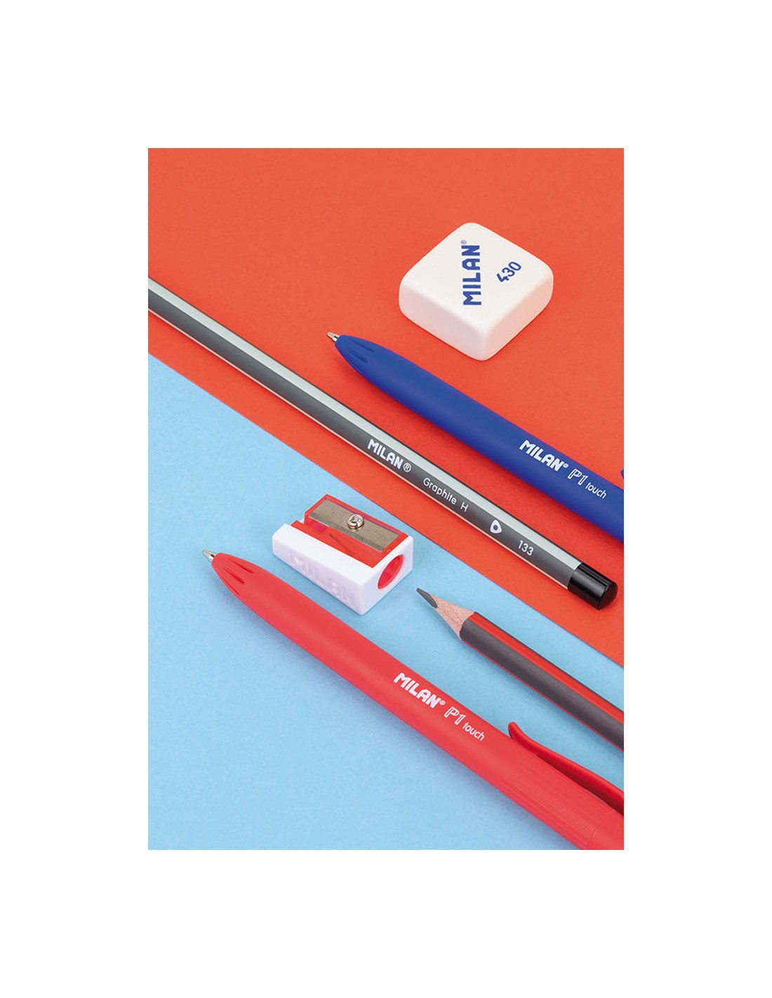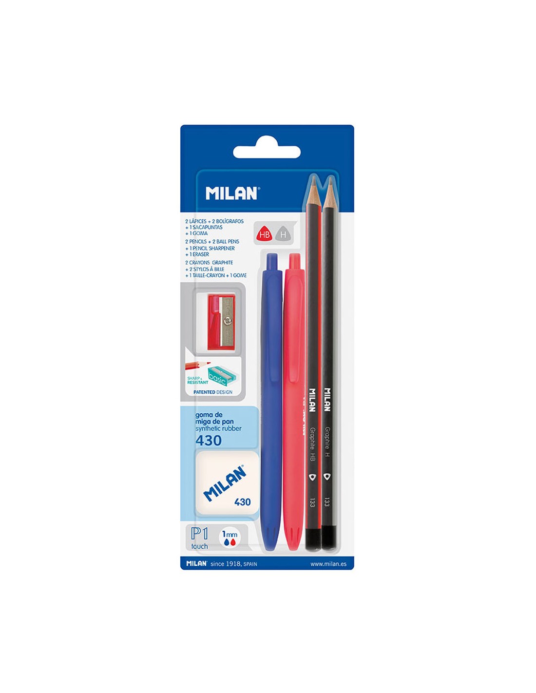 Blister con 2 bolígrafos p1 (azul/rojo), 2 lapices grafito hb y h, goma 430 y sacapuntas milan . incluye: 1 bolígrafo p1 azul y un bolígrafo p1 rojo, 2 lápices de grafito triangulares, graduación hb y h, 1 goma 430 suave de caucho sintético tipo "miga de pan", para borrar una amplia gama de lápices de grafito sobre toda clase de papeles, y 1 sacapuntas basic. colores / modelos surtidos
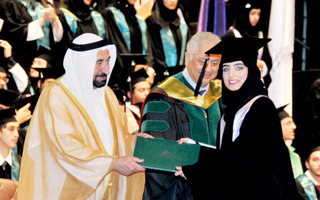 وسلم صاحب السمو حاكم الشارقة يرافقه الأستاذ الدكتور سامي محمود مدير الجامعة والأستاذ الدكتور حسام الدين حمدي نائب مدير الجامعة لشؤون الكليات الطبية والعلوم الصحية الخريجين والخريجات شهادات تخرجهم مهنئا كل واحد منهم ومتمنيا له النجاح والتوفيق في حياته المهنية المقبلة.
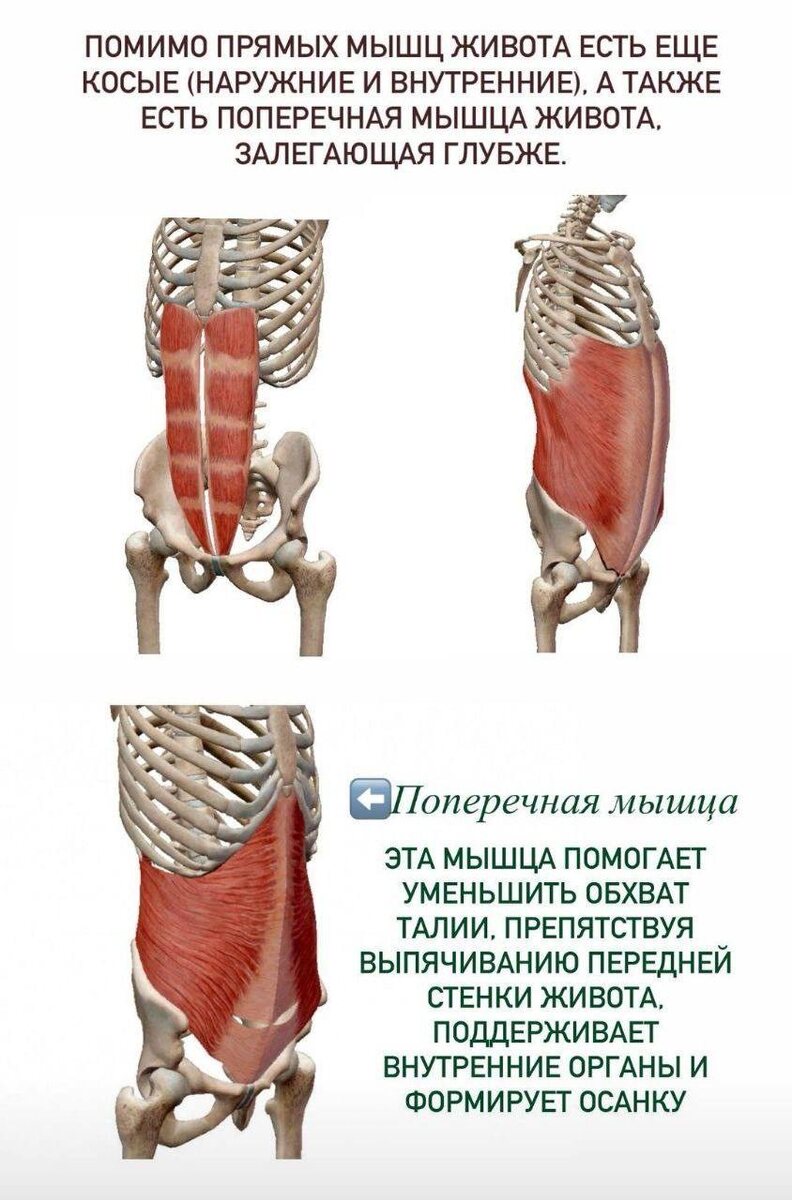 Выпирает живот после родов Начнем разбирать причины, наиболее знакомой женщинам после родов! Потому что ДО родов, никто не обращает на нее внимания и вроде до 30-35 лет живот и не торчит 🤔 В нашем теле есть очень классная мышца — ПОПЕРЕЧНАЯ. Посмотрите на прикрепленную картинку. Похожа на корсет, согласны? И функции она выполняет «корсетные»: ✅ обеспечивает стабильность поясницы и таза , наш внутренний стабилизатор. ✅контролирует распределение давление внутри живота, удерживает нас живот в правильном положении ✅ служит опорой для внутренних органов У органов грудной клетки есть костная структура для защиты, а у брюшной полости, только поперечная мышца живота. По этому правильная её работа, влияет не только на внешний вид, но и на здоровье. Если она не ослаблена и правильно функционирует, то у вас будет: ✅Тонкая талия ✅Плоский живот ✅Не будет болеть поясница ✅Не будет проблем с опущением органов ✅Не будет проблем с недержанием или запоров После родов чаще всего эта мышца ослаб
...
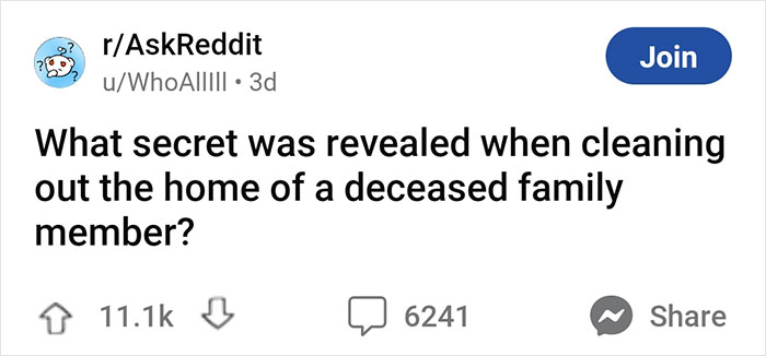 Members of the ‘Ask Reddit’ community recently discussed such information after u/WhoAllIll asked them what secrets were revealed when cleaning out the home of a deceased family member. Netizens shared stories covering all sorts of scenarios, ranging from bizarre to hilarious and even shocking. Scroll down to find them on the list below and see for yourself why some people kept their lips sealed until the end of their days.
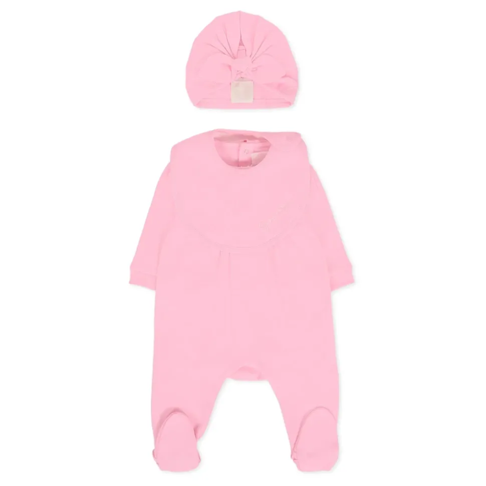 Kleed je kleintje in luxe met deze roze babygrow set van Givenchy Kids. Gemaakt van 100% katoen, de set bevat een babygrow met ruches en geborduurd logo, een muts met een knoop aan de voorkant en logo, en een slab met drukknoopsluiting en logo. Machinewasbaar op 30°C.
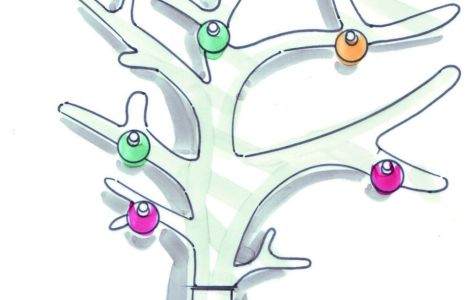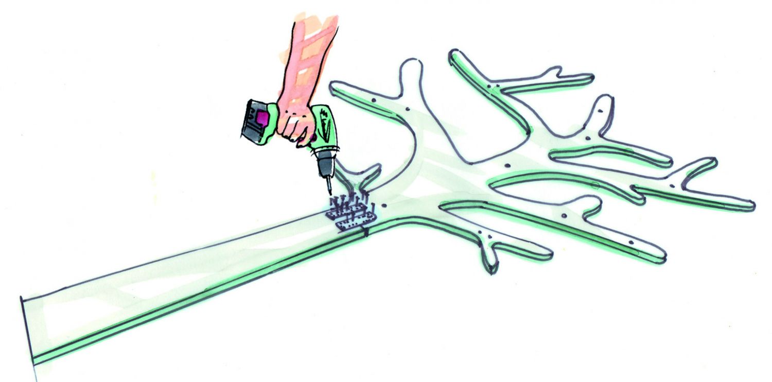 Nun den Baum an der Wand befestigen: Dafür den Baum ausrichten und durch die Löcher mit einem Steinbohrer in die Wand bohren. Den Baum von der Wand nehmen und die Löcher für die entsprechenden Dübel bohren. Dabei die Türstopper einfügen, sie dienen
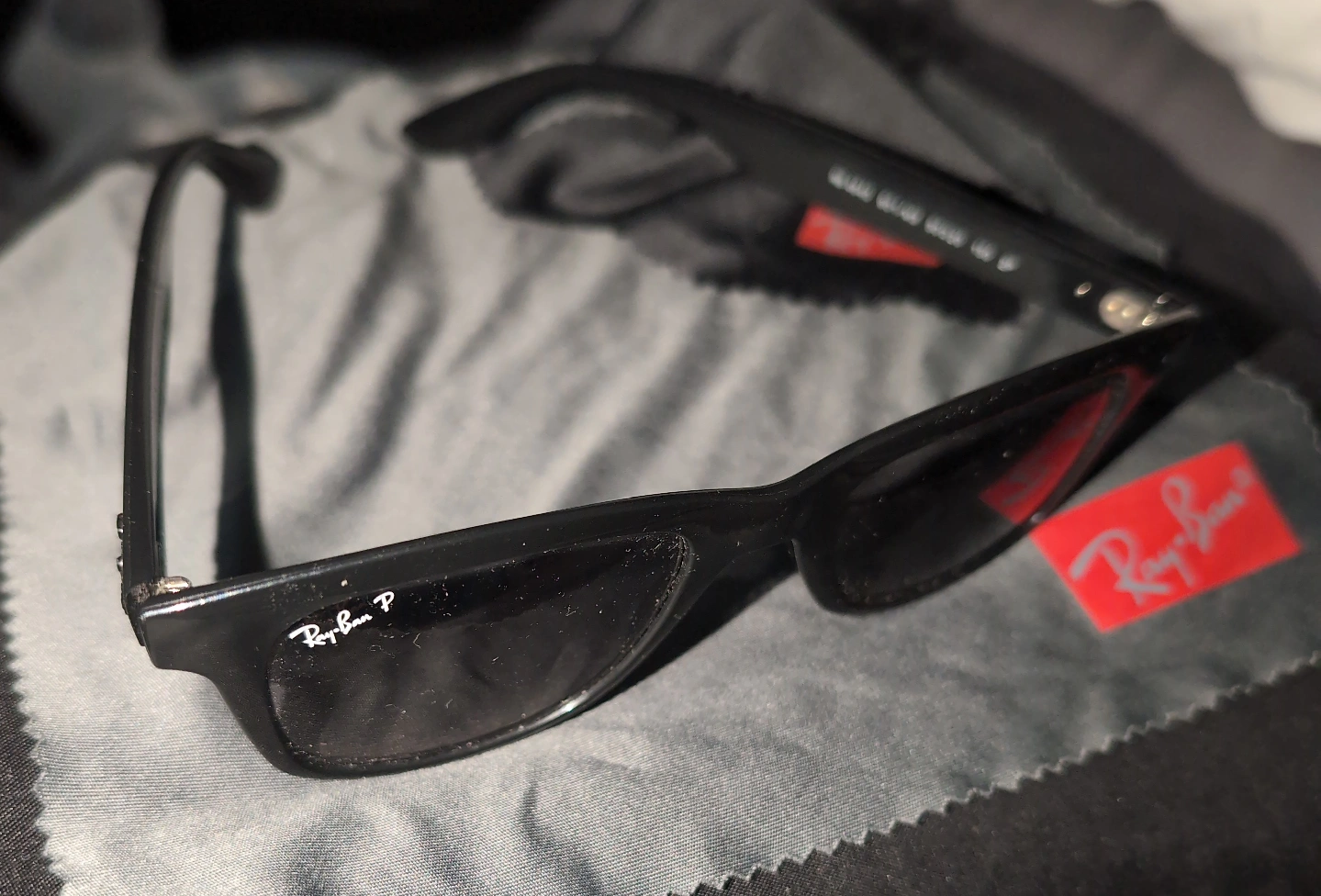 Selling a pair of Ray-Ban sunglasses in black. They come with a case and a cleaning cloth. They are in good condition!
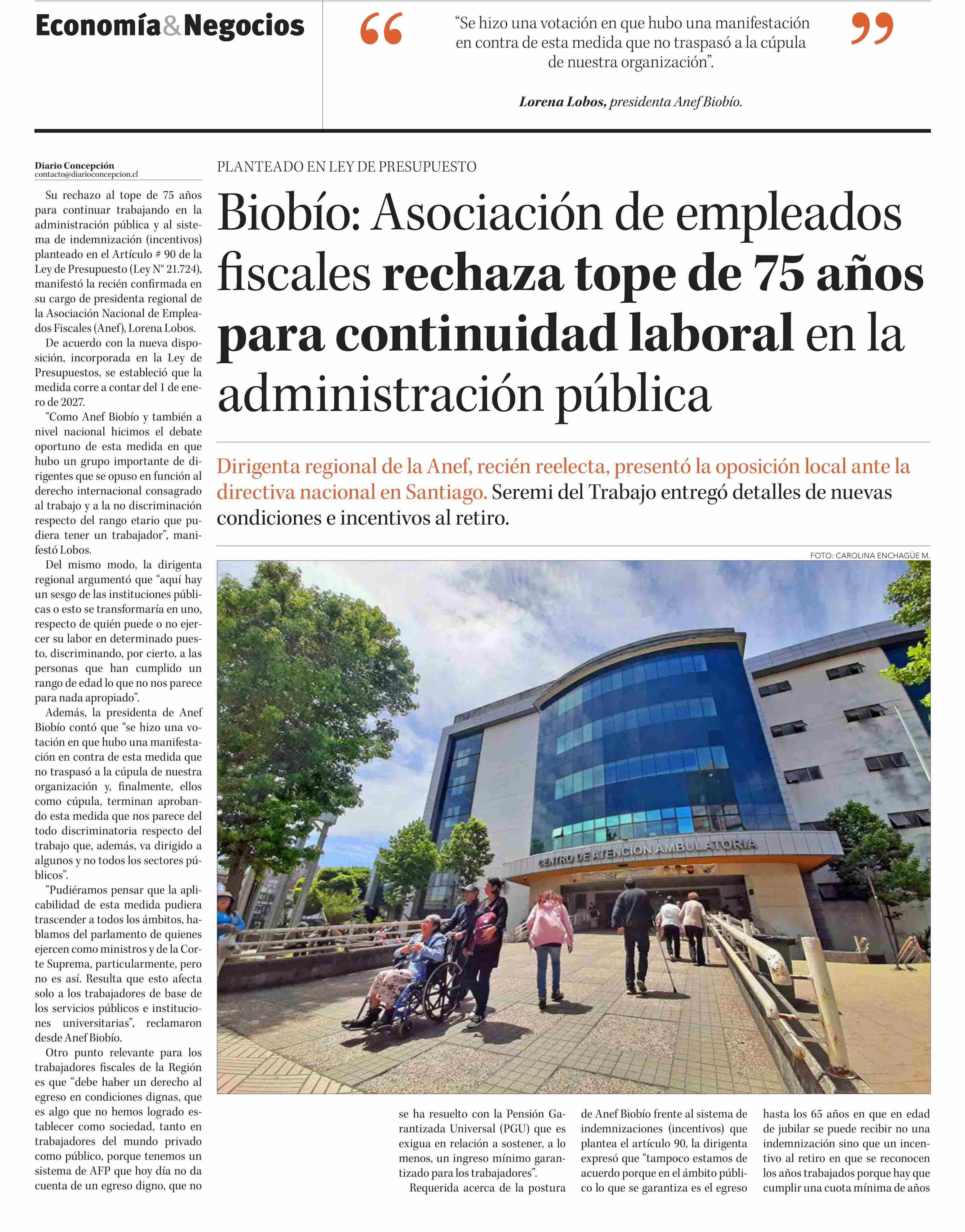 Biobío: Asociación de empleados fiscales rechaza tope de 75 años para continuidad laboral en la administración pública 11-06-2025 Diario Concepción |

> [DESCRIPTION OF THE TASK]
Among the entries above, find the line with "Nun den Baum" and repeat exactly from there through the line with "Biobío: Asociación de", leaving out the pictures.

> [COMPLETED TASK]
 Nun den Baum an der Wand befestigen: Dafür den Baum ausrichten und durch die Löcher mit einem Steinbohrer in die Wand bohren. Den Baum von der Wand nehmen und die Löcher für die entsprechenden Dübel bohren. Dabei die Türstopper einfügen, sie dienen
 Selling a pair of Ray-Ban sunglasses in black. They come with a case and a cleaning cloth. They are in good condition!
 Biobío: Asociación de empleados fiscales rechaza tope de 75 años para continuidad laboral en la administración pública 11-06-2025 Diario Concepción |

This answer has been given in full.